(Records contained in a dataset)

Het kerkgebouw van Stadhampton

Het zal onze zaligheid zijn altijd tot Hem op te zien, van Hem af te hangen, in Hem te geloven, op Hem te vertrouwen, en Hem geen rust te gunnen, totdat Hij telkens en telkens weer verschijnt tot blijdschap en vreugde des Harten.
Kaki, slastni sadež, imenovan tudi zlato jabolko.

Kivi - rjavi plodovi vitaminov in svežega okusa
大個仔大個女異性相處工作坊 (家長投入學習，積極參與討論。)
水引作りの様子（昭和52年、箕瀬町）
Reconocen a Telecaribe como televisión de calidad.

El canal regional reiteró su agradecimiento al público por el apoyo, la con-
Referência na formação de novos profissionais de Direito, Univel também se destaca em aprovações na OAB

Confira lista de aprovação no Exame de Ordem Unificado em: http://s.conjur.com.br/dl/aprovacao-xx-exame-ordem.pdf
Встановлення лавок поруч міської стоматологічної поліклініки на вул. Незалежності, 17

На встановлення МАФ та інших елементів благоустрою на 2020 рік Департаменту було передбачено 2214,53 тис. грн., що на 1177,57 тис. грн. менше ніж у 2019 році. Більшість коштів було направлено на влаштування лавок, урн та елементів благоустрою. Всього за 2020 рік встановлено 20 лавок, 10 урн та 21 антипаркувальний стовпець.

---

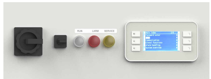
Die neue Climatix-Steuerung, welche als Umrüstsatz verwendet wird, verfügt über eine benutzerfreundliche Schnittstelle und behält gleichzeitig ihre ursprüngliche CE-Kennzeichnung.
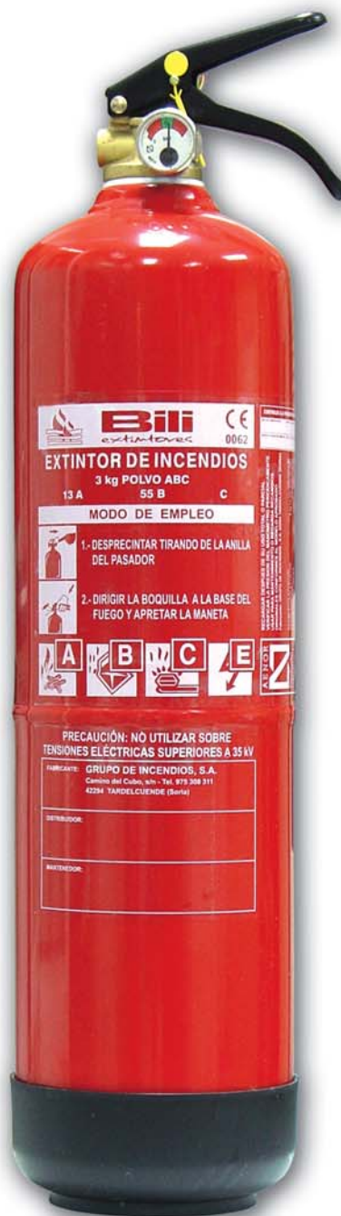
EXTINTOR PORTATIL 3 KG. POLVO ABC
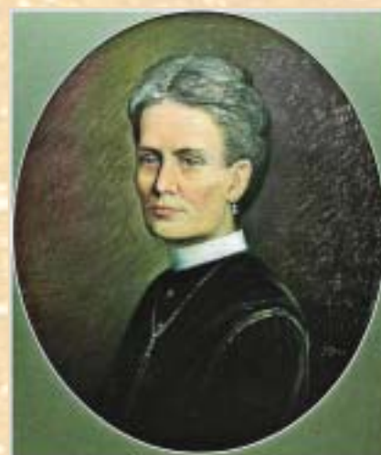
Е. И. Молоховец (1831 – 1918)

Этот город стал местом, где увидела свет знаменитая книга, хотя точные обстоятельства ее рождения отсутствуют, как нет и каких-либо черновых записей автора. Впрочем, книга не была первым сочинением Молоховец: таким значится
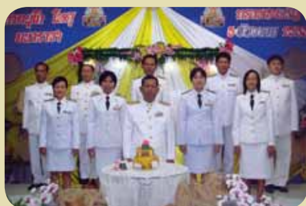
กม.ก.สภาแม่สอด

---

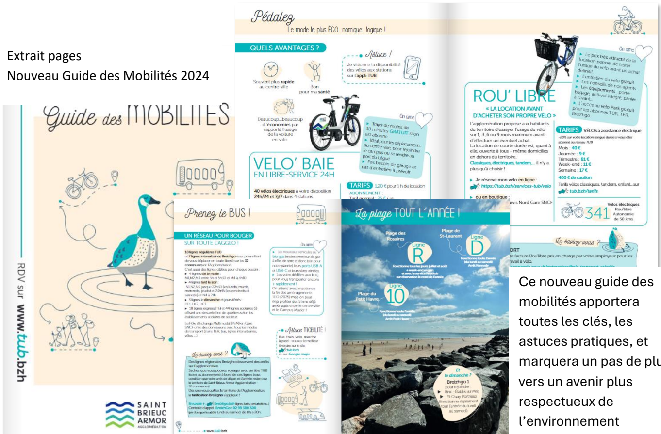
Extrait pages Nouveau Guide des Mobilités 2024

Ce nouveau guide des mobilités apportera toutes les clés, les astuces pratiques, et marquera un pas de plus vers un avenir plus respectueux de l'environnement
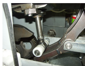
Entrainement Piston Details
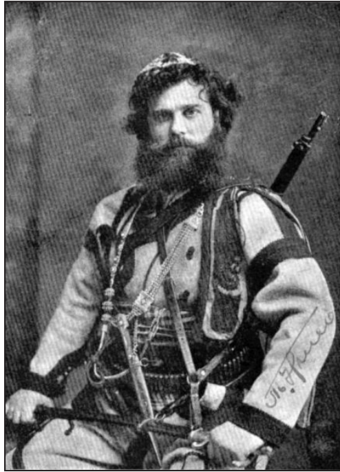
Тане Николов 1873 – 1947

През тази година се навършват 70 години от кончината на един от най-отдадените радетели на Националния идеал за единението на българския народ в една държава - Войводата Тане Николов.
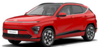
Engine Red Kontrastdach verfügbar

#### Your instructions
How would the lines above read from the one with "Die neue Climatix-Steuerung, welche" to the one with "กม.ก.สภาแม่สอด", inclusive, with no pictures? Write them out exactly.

#### Task solution
Die neue Climatix-Steuerung, welche als Umrüstsatz verwendet wird, verfügt über eine benutzerfreundliche Schnittstelle und behält gleichzeitig ihre ursprüngliche CE-Kennzeichnung.
EXTINTOR PORTATIL 3 KG. POLVO ABC
Е. И. Молоховец (1831 – 1918)

Этот город стал местом, где увидела свет знаменитая книга, хотя точные обстоятельства ее рождения отсутствуют, как нет и каких-либо черновых записей автора. Впрочем, книга не была первым сочинением Молоховец: таким значится
กม.ก.สภาแม่สอด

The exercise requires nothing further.